- [Work item]: Only the pictures should be dropped; copy the rest of the entries exactly.

- [Data to process]:
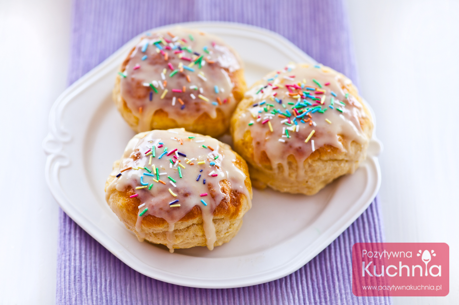Pączki pieczone warto udekorować. Klasyczny lukier tym razem zastąpię polewą z białej czekolady, nieco rzadszą, z podwójną ilością śmietanki. Ciekawa jestem jak będą wyglądały Wasze! Moje tym razem posypię kolorową posypką, a na upust fantazji w dekoracjach przyjdzie czas przy okazji smażenia amerykańskich donuts.
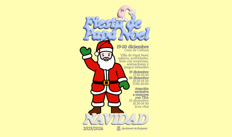 Como se ha señalado, Papá Noel también estará el sábado 20 de diciembre por la mañana en la Casa de Cultura. En este caso, la atención de este campechano personaje estará centrada en menores con TEA que tendrán la oportunidad de disfrutar de esta gran visita con una atención personalizada. En ese mismo horario se podrá acceder a todos los juegos y animaciones instalados en el Auditorio. Ya por la tarde, de 17.00 a 20.00 horas, nuevamente Papá Noel estará en el citado espacio municipal para que acudan las y los niños de Burjassot a visitarle.
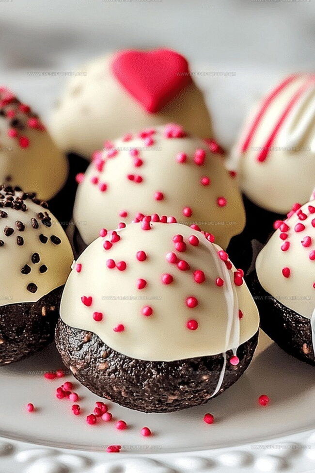 Sweet chocolate-drenched valentine oreo truffles melt hearts with their irresistible blend of crushed cookies and cream cheese. Rich chocolate coating and playful sprinkles create a romantic dessert perfect for sharing with someone special.
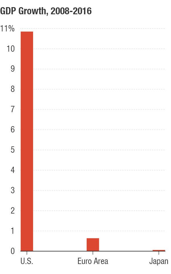 [ 2008 - 2016 년 미국, 유로존, 일본 성장률 ]
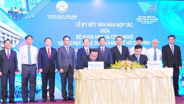 Bộ KH&CN và ĐH Quốc gia TPHCM ký kết chương trình phối hợp hoạt động KH&CNgiai đoạn 2021-2025 Ảnh: TM
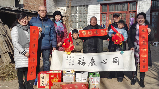 社员们怀揣着一颗颗暖暖的心,精心准备串亲戚的礼品。老社员李学翔老师早早地就准备好两大袋冬衣和蛋白粉。社员陈豫老师提早一周邀请她的一位精通书法的朋友写了一幅字“同心康福”和几幅春联,其中一幅是“同心康福缔纽带,九三农户一家亲”,横幅“常来常往”。社员赵秋霞老师说:“这个中山装的外套我买了两件,一件给我父亲,一件给牛师傅带去,该过年了,老人也得穿个新衣服嘛。”社员杨立功老师上次去牛师傅家发现他的拐杖不合适,找了一副得劲拐杖,并把自己定做的保暖内衣也送给了牛师傅。社员们还带去了大米、食用油、山药、火腿肠、鸭蛋、黄桃罐头、面粉等年货。

- [Answer below]:
Pączki pieczone warto udekorować. Klasyczny lukier tym razem zastąpię polewą z białej czekolady, nieco rzadszą, z podwójną ilością śmietanki. Ciekawa jestem jak będą wyglądały Wasze! Moje tym razem posypię kolorową posypką, a na upust fantazji w dekoracjach przyjdzie czas przy okazji smażenia amerykańskich donuts.
 Como se ha señalado, Papá Noel también estará el sábado 20 de diciembre por la mañana en la Casa de Cultura. En este caso, la atención de este campechano personaje estará centrada en menores con TEA que tendrán la oportunidad de disfrutar de esta gran visita con una atención personalizada. En ese mismo horario se podrá acceder a todos los juegos y animaciones instalados en el Auditorio. Ya por la tarde, de 17.00 a 20.00 horas, nuevamente Papá Noel estará en el citado espacio municipal para que acudan las y los niños de Burjassot a visitarle.
 Sweet chocolate-drenched valentine oreo truffles melt hearts with their irresistible blend of crushed cookies and cream cheese. Rich chocolate coating and playful sprinkles create a romantic dessert perfect for sharing with someone special.
 [ 2008 - 2016 년 미국, 유로존, 일본 성장률 ]
 Bộ KH&CN và ĐH Quốc gia TPHCM ký kết chương trình phối hợp hoạt động KH&CNgiai đoạn 2021-2025 Ảnh: TM
 社员们怀揣着一颗颗暖暖的心,精心准备串亲戚的礼品。老社员李学翔老师早早地就准备好两大袋冬衣和蛋白粉。社员陈豫老师提早一周邀请她的一位精通书法的朋友写了一幅字“同心康福”和几幅春联,其中一幅是“同心康福缔纽带,九三农户一家亲”,横幅“常来常往”。社员赵秋霞老师说:“这个中山装的外套我买了两件,一件给我父亲,一件给牛师傅带去,该过年了,老人也得穿个新衣服嘛。”社员杨立功老师上次去牛师傅家发现他的拐杖不合适,找了一副得劲拐杖,并把自己定做的保暖内衣也送给了牛师傅。社员们还带去了大米、食用油、山药、火腿肠、鸭蛋、黄桃罐头、面粉等年货。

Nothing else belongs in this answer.